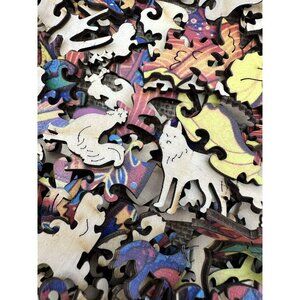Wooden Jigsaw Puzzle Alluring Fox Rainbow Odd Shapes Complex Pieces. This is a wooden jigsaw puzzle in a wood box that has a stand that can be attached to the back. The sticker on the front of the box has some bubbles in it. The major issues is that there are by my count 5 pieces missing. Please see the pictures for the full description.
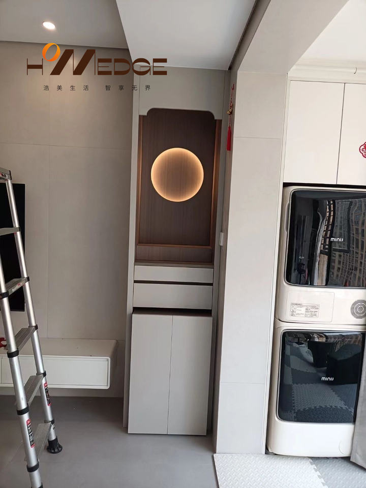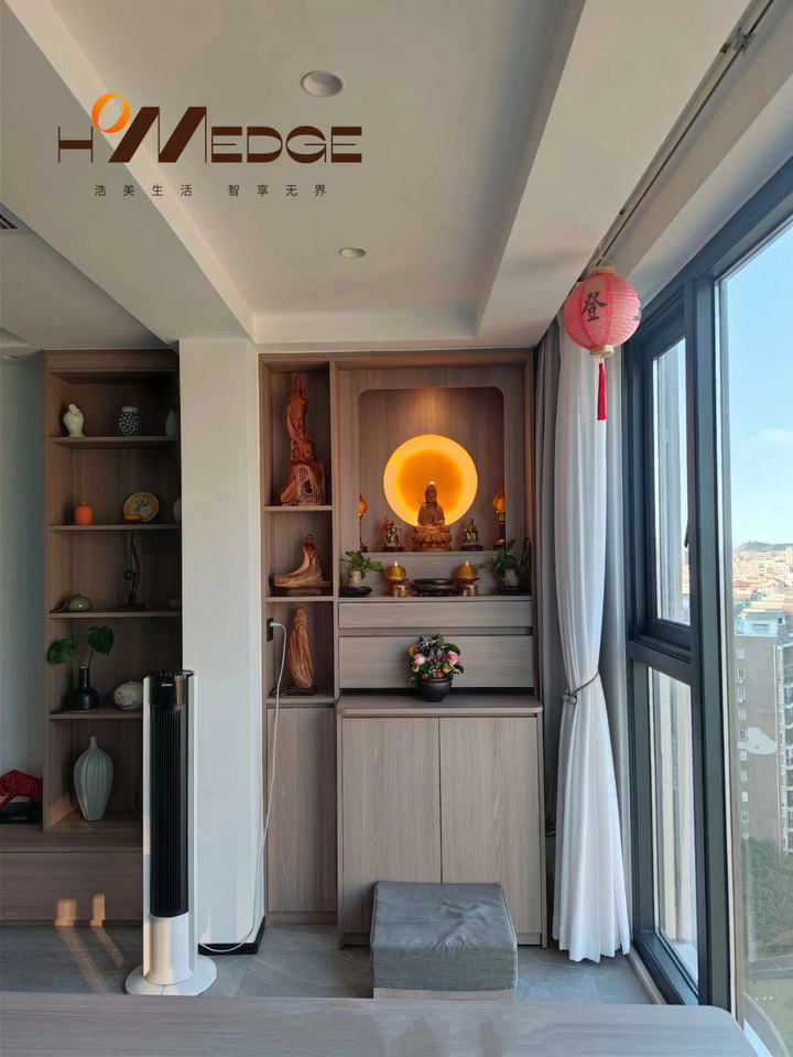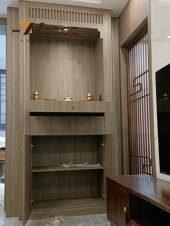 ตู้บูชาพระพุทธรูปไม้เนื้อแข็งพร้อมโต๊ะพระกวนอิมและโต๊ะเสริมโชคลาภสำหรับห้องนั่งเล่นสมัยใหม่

-*-

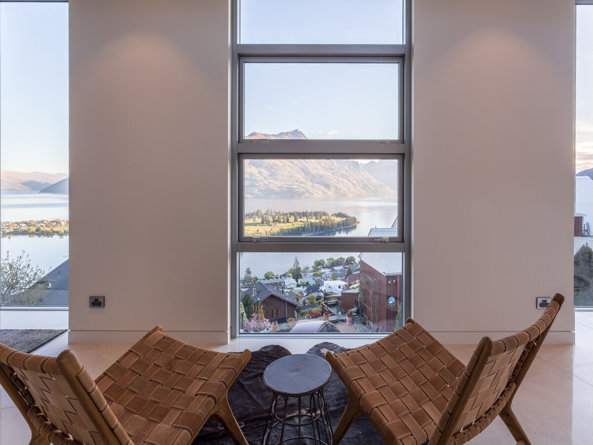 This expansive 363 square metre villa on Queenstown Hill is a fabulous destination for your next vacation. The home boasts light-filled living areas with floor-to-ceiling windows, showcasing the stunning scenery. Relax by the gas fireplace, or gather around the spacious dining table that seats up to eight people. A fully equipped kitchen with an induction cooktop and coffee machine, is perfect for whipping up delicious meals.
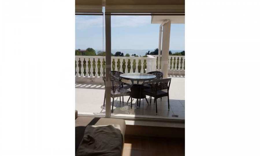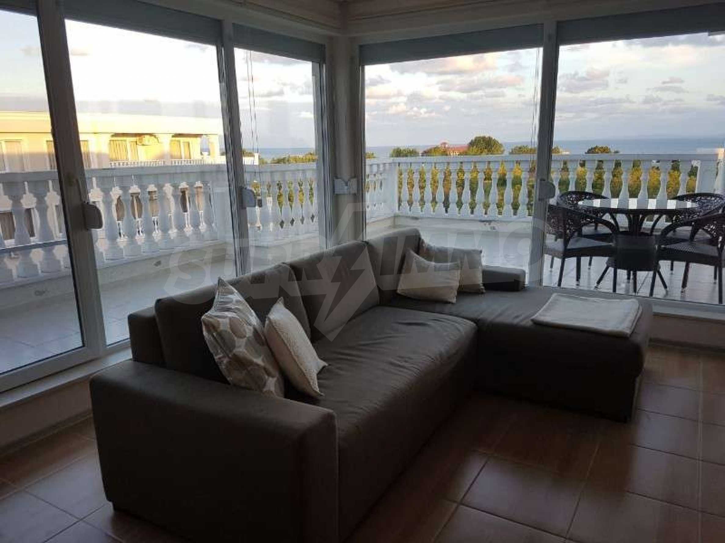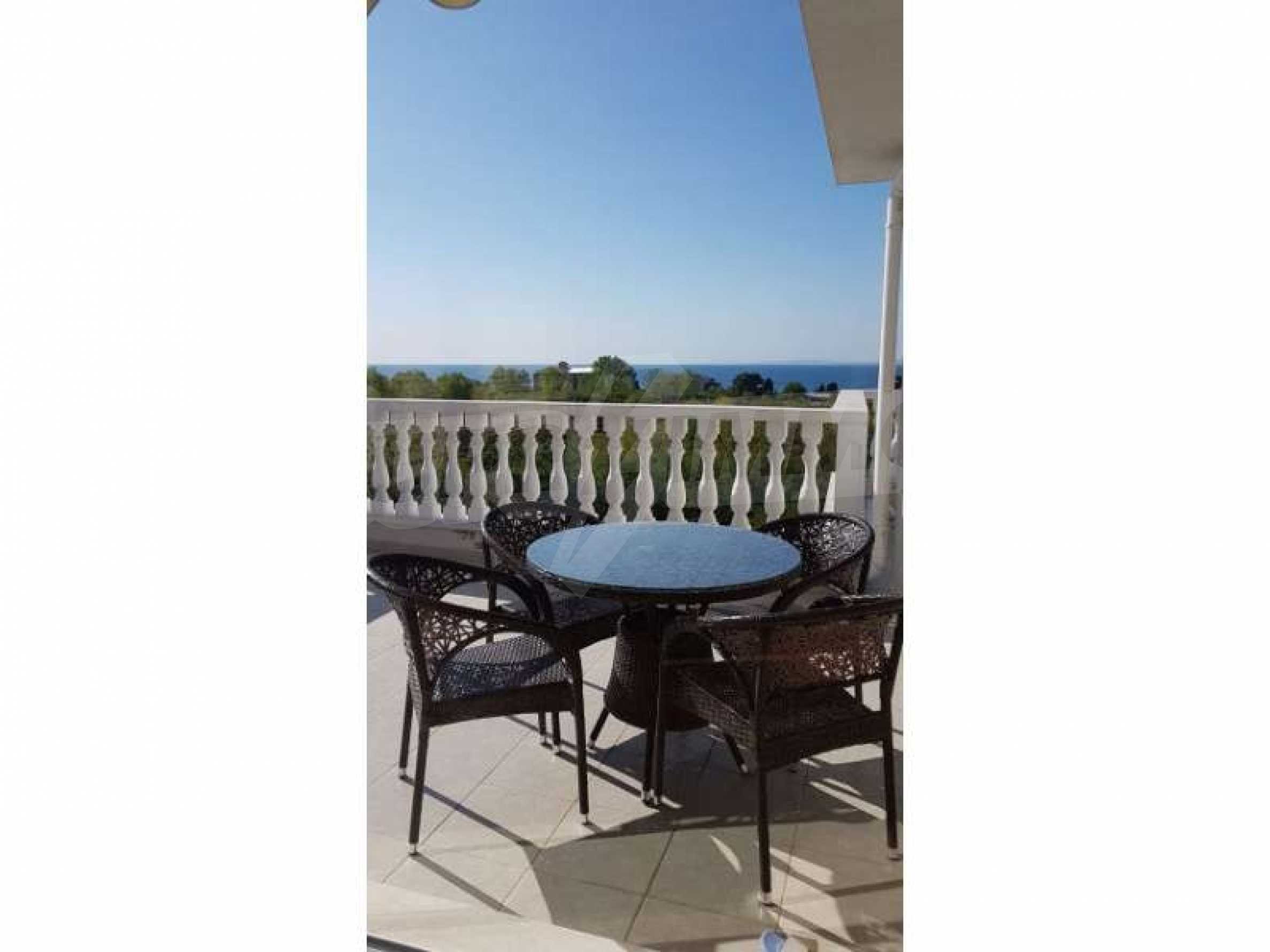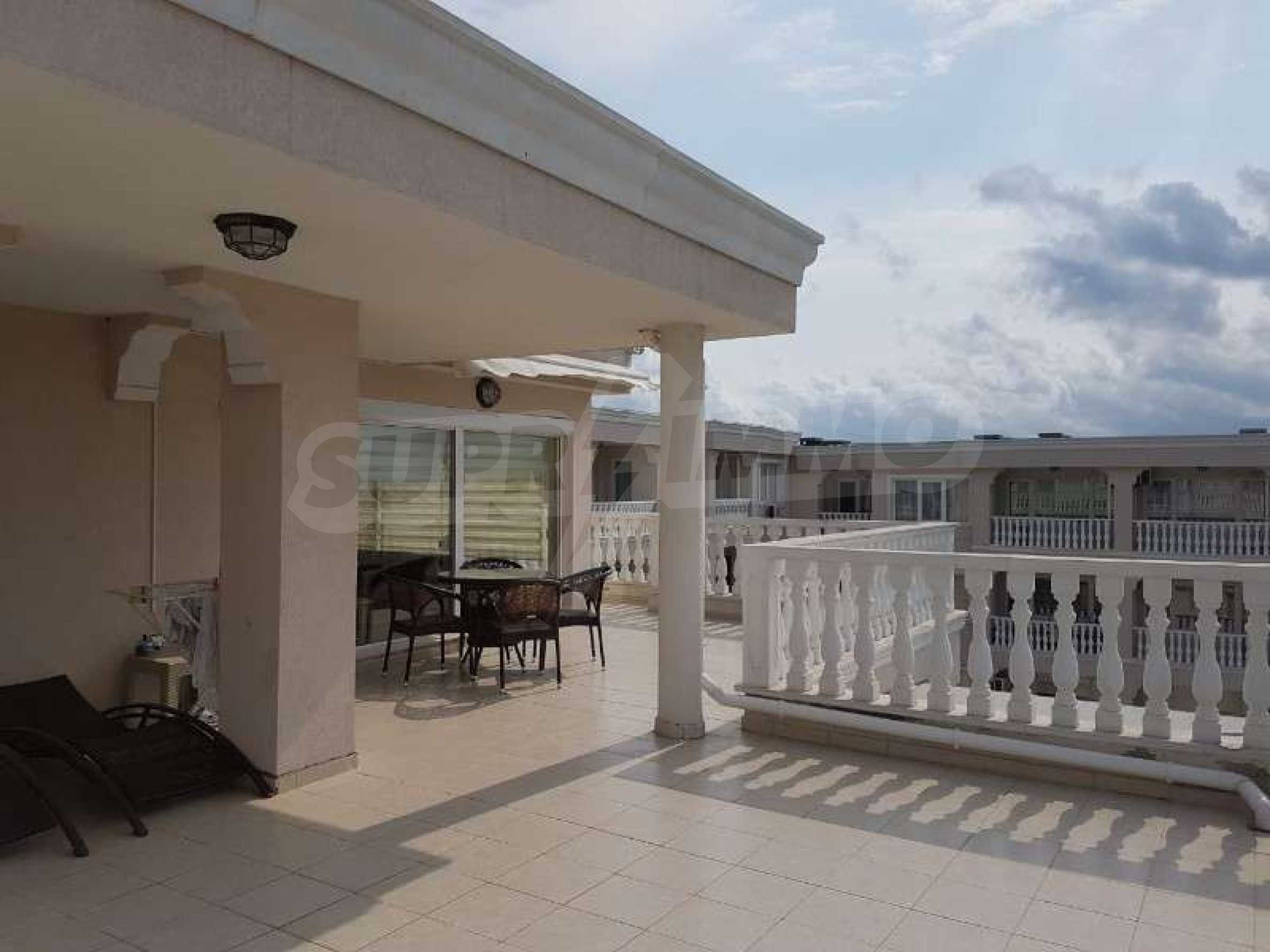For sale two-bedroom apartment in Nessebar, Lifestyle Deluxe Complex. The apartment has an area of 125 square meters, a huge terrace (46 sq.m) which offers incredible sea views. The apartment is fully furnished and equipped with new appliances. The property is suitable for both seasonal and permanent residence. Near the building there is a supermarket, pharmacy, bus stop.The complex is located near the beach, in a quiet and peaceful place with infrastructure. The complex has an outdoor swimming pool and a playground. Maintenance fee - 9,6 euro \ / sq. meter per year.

-*-

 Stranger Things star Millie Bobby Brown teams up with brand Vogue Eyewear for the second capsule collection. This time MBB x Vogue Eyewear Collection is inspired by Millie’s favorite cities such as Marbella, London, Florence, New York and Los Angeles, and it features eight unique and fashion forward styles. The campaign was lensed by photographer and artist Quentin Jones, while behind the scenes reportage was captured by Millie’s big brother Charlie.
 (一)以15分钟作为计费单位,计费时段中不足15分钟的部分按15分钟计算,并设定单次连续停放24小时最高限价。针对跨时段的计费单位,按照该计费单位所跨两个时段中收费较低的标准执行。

-*-

* Required work *
Once the line with "Wooden Jigsaw Puzzle Alluring" has been found above, output that line and every later line exactly, stopping after the line with "ตู้บูชาพระพุทธ", and omit the pictures.

* The completed task *
Wooden Jigsaw Puzzle Alluring Fox Rainbow Odd Shapes Complex Pieces. This is a wooden jigsaw puzzle in a wood box that has a stand that can be attached to the back. The sticker on the front of the box has some bubbles in it. The major issues is that there are by my count 5 pieces missing. Please see the pictures for the full description.
 ตู้บูชาพระพุทธรูปไม้เนื้อแข็งพร้อมโต๊ะพระกวนอิมและโต๊ะเสริมโชคลาภสำหรับห้องนั่งเล่นสมัยใหม่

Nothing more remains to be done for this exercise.